Consequence? You think you’ve found the right drivers, but these aren’t the ones that really matter.
Which explains why you try very hard to improve on these drivers, while you see little or no result.
We have also tested this many times and you see that the number 1 subconscious, latent driver only comes in place 4 or 5 in the list of rational buttons.
So you can really be pretty far off.
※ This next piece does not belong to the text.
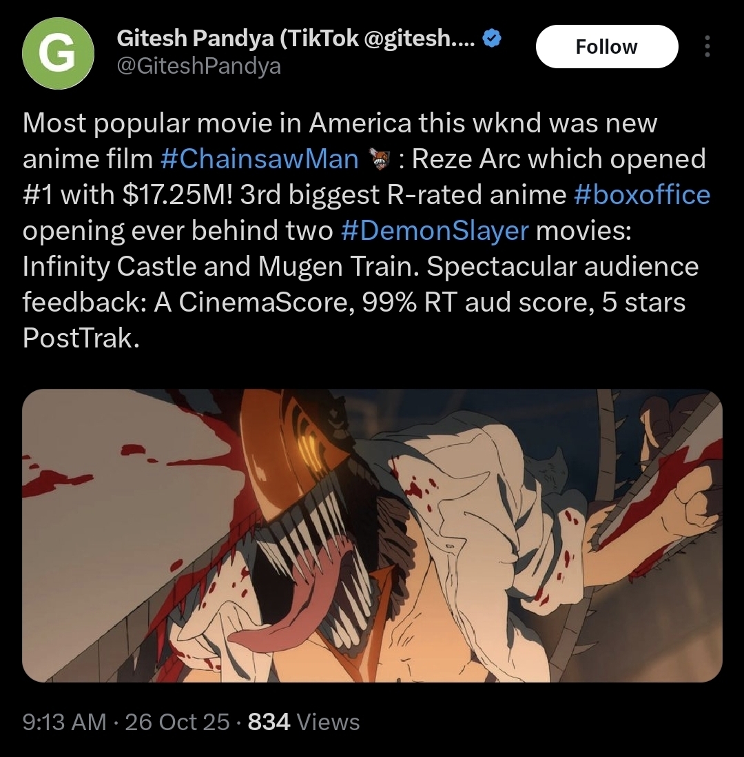Embarrassing how Chainsaw Man just walked in one month later and absolutely slaughtered all momentum Demon Slayer brought to anime cinema.

This applies to both NPS and SAT.
Only with CES that one question with open answers is no problem.
Because you use the CES at very specific, transactional moments (for example on the order page of your website).
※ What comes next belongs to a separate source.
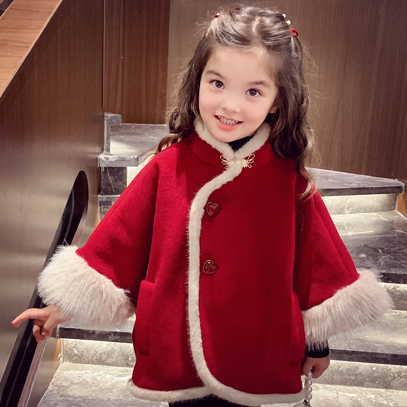 📚 女童斗篷毛呢大衣冬装2025新款洋气儿童宽松加绒红色短款呢子外套

Then it is fine to ask the open question very specifically: can you name 1 thing that would make it easier for you (to complete the order).
4. Measure touchpoints instead of journeys
Let 2023 be the year we stop using the word touchpoints.
It’s confusing, the scope doesn’t help and that also keeps us from getting in the driver’s seat of customer experience.
Rather use channels (call, email, WA, etc.) and journeys (I order, I have damage, etc.).
Touchpoints are now a mix of channels and moments from the journey (ie. visit of an account manager).
In addition, they give you a false sense of ‘we’re doing great’.
Suppose I call customer service.
I call to ask if the employee can send me form X.
“No problem ma’am, we’ll do it right away!”
Immediately after the call I get a few satisfaction questions (touchpoint).
I’m giving a high score because I’m totally happy that it was handled well.
Four days later I still have no form.
I’m not happy, but that dissatisfaction is nowhere in your perception measurements.
So you think you are creating a top experience, but you have a big blind spot.
Which explains why churn is a problem despite those high scores you seem to keep getting.
5. Insufficient knowledge of statistics
Yes, consciously the last of the 5 insights, because I can already hear you thinking: “Phew, statistics, well, what was that again? Didn’t I have something like that in school?
But fear not, I’m going to make it very easy for you.
You don’t have to be a statistics wizard, you just need to know what to ask your research partner and/or your data science colleagues.
If your research partners in crime do anything with statistics at all, it is often correlation (but they often don’t even do that).
But… correlation (something is related) is very different from causation (something causes something else).
What would we like to know in our case? What causes a higher NPS or SAT!
That is not rocket science in the research world, these are existing techniques: factor analysis and regression analysis.
In layman’s terms, factor analysis groups the statements from your questionnaire.
So it actually says which statements belong together in the eyes of the customers (!)
This is the key to finding those latent, unconscious drivers.
In layman’s terms, regression analysis (with the factors, not the individual statements!!) tells you 2 important things:
A. Did we ask the right topics, did we forget anything important?
B. What is the impact of each topic (factor) on the NPS or SAT?
Pretty relevant insights to be in the driver’s seat, isn’t it?
If you want to know within 10 minutes how this exactly works with journey mapping, latent needs and finding the right drivers, watch this video I made about it.
Or if you want more indepth knowledge how to maximize NPS for your organization, then check out this NPS toolkit slidedeck I made for you including a voice over video.
In conclusion: 2023 is not going to be the year in which we can stop using NPS.
Though let’s decide that it’s the year in which we stop using the root cause technique of the NPS.